INPUT MATERIAL:

=-=-=

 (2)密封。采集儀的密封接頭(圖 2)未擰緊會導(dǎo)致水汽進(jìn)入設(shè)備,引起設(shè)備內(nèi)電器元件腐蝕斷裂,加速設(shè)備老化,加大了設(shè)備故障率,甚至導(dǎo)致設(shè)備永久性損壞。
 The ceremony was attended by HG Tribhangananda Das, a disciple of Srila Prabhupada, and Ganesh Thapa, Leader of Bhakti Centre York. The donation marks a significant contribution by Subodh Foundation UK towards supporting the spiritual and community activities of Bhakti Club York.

=-=-=

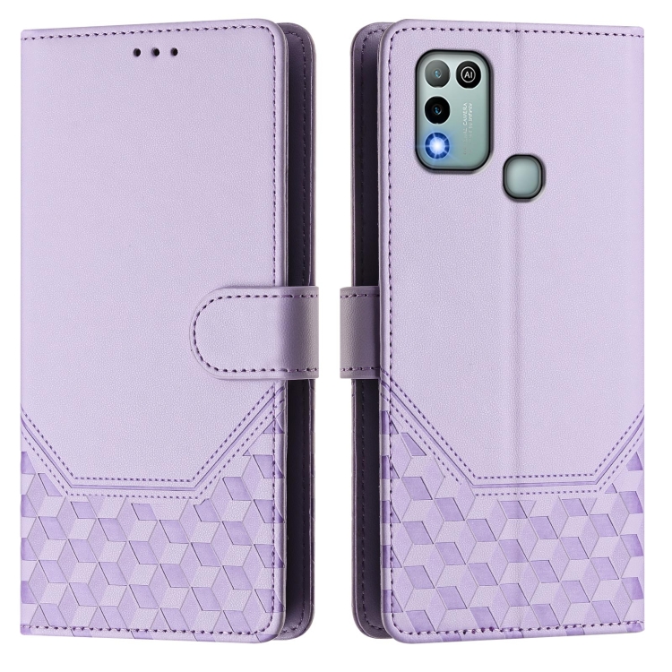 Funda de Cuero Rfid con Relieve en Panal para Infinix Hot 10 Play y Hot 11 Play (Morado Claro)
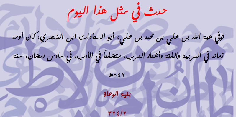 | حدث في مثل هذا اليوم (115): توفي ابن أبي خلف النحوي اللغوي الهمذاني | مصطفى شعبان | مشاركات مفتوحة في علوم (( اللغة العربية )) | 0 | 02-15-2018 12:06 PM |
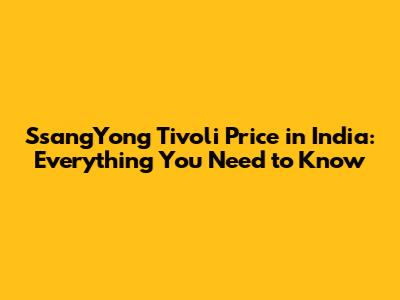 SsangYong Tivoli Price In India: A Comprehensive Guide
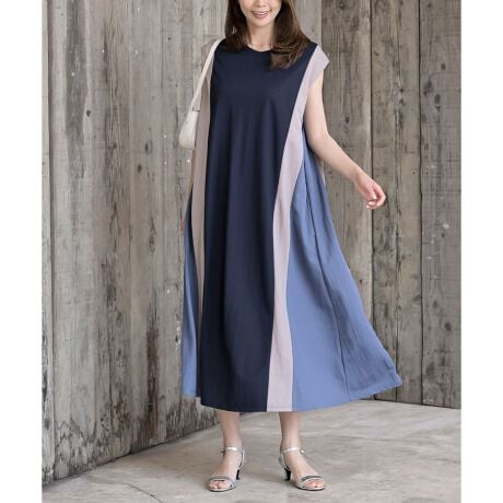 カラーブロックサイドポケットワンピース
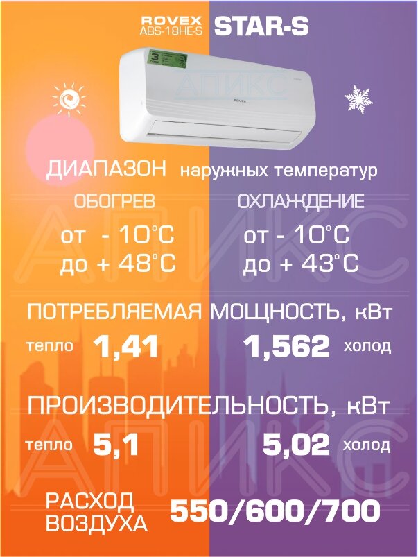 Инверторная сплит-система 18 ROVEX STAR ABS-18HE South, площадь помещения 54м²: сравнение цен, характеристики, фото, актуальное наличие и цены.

=-=-=

In the listing above, find the line containing "Funda de Cuero" and the line containing "Инверторная сплит-система 18". Reproduce those lines and all between them exactly, with no pictures and nothing more.

RESPONSE TO THIS TASK:
 Funda de Cuero Rfid con Relieve en Panal para Infinix Hot 10 Play y Hot 11 Play (Morado Claro)
 | حدث في مثل هذا اليوم (115): توفي ابن أبي خلف النحوي اللغوي الهمذاني | مصطفى شعبان | مشاركات مفتوحة في علوم (( اللغة العربية )) | 0 | 02-15-2018 12:06 PM |
 SsangYong Tivoli Price In India: A Comprehensive Guide
 カラーブロックサイドポケットワンピース
 Инверторная сплит-система 18 ROVEX STAR ABS-18HE South, площадь помещения 54м²: сравнение цен, характеристики, фото, актуальное наличие и цены.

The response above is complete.